When Saturday April 13 1946 came, I was more nervous than I had ever been before. Don't ask me why. Perhaps it was because, in the past, I had pretended to be this or that person for just a few minutes, long enough to get past a guard or onto a train. But I had been Tadeusz, the Polish baker boy, for several months now. I was part of the team at the bakery. You can't work alongside people every day, week in, week out, and remain a complete stranger. Sometimes one of the women, in hairnet and gloves, would tousle my hair, as if I were a playmate for one of her sons. The first time it happened, I had to run outside. I was gasping, as if I had been strangled. (Later I said I had had a coughing fit). Now that I am older I understand what I did not understand then. Maybe I had to be a father to understand what that fifteen-year-old boy felt that day, a boy who had not felt the loving touch of a mother for so long that even a hint of it was enough to turn him upside down. I read once of a prisoner who had been in jail so long that, when he was released, he was allergic to fresh air. Perhaps I was that way with a mother's love.
Tonight they were about to discover the truth of me and I think that was what made me scared. I had to force myself to remember what this operation was really about, to remember the men inside Stalag 13, to think of the Einsatzgruppen. When I did that, I could make my heart turn to flint.
I checked my watch. I had been on shift since five o'clock that afternoon and the hours had dragged. I was desperate for three o'clock to come. I did my work but I could not be distracted. I kept asking myself, will we have enough of the mixture, will we have enough time, will this crazy scheme work? I even began to wonder about the Frenchman. What did we really know about him?

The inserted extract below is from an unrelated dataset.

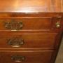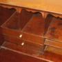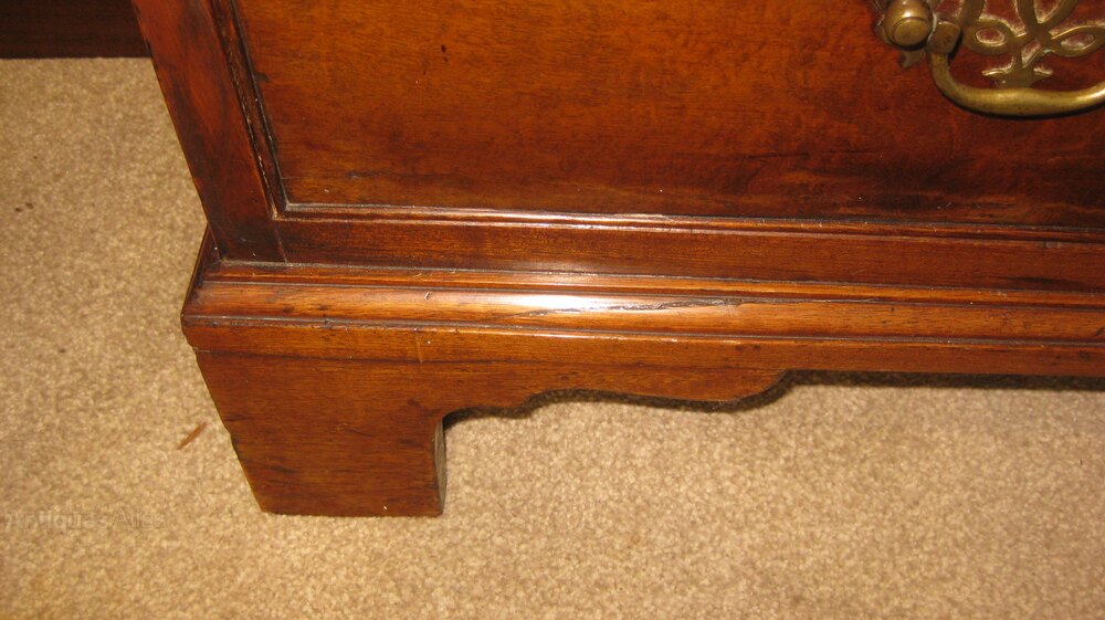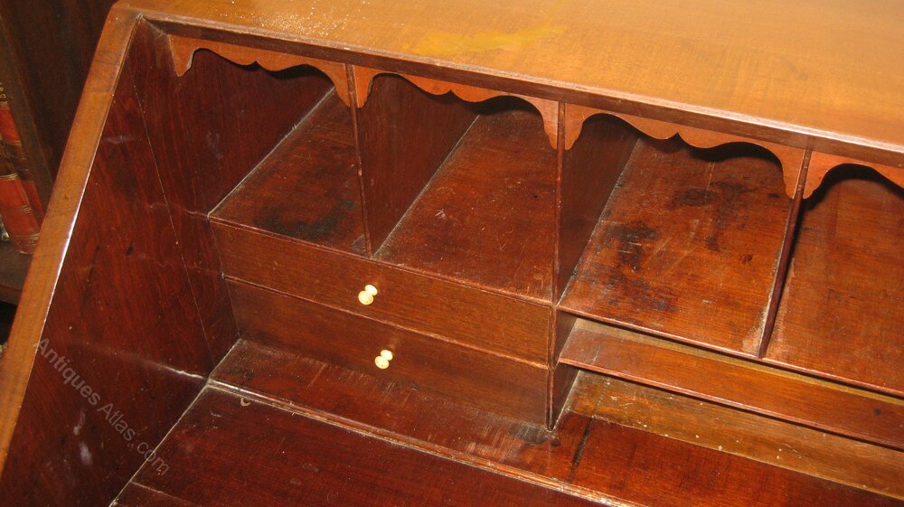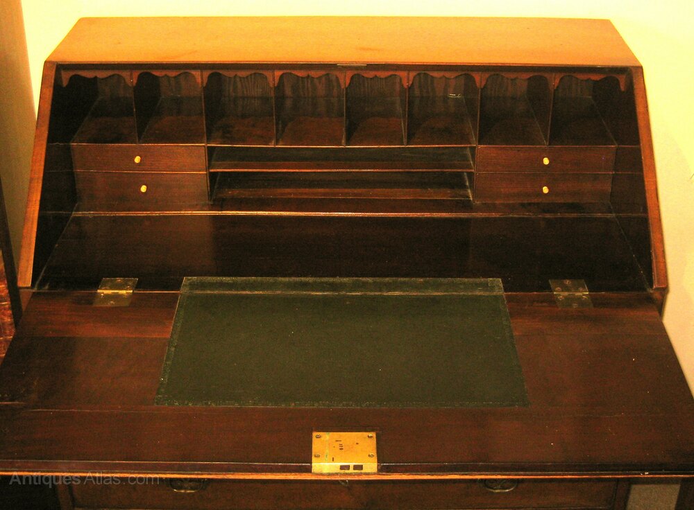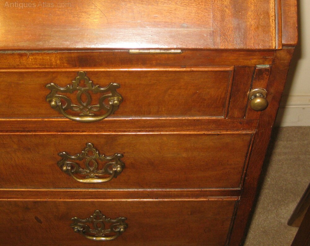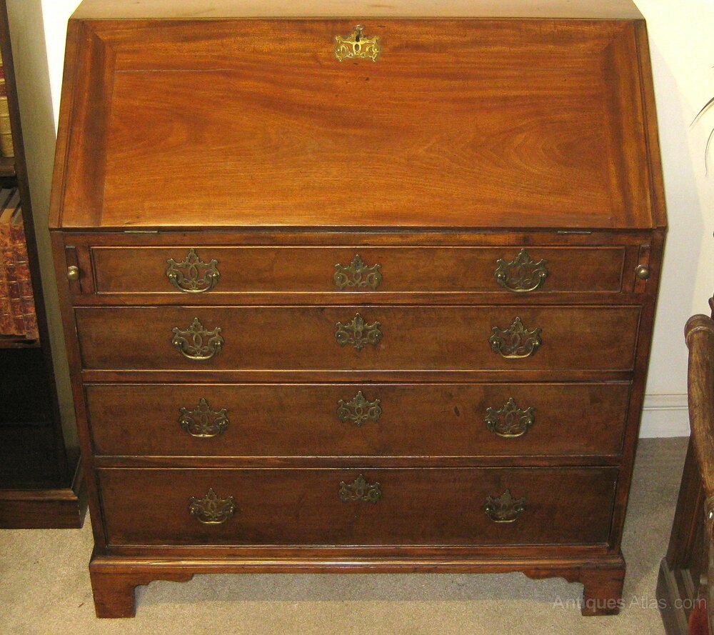 Georgian mahogany bureau. The locking fall opening to reveal a pretty interior with small drawers and leathered writing area. Below are 4 large cock beaded drawers of a good, hand cut, dovetailed construction with oak linings and the original pierced fret brass plate handles, all with working locks. Standing on bracket feet.

Could this all be some elaborate trap?
At seven minutes to three I heard the words I had been waiting for, spoken by the manager himself. ‘Come on, the beer is calling!’ He and seven others took off their overalls, hung them up and headed, as usual, for the tavern down the street. They said goodbye to me and the other ‘saps’ who had to stay behind.
I checked my watch again. Precisely six minutes from now and I would do what we had planned. For now, I had to stay put.
I knew what was happening outside. Once she had got the signal – they've gone! – from Manik, serving as lookout across the street, Rosa would have appeared from the opposite direction, wearing a short dress, in black and red; God only knows where she had picked it up. She had been given money to buy bright lipstick, too. Her instructions had been to look appealing and available – for the right price.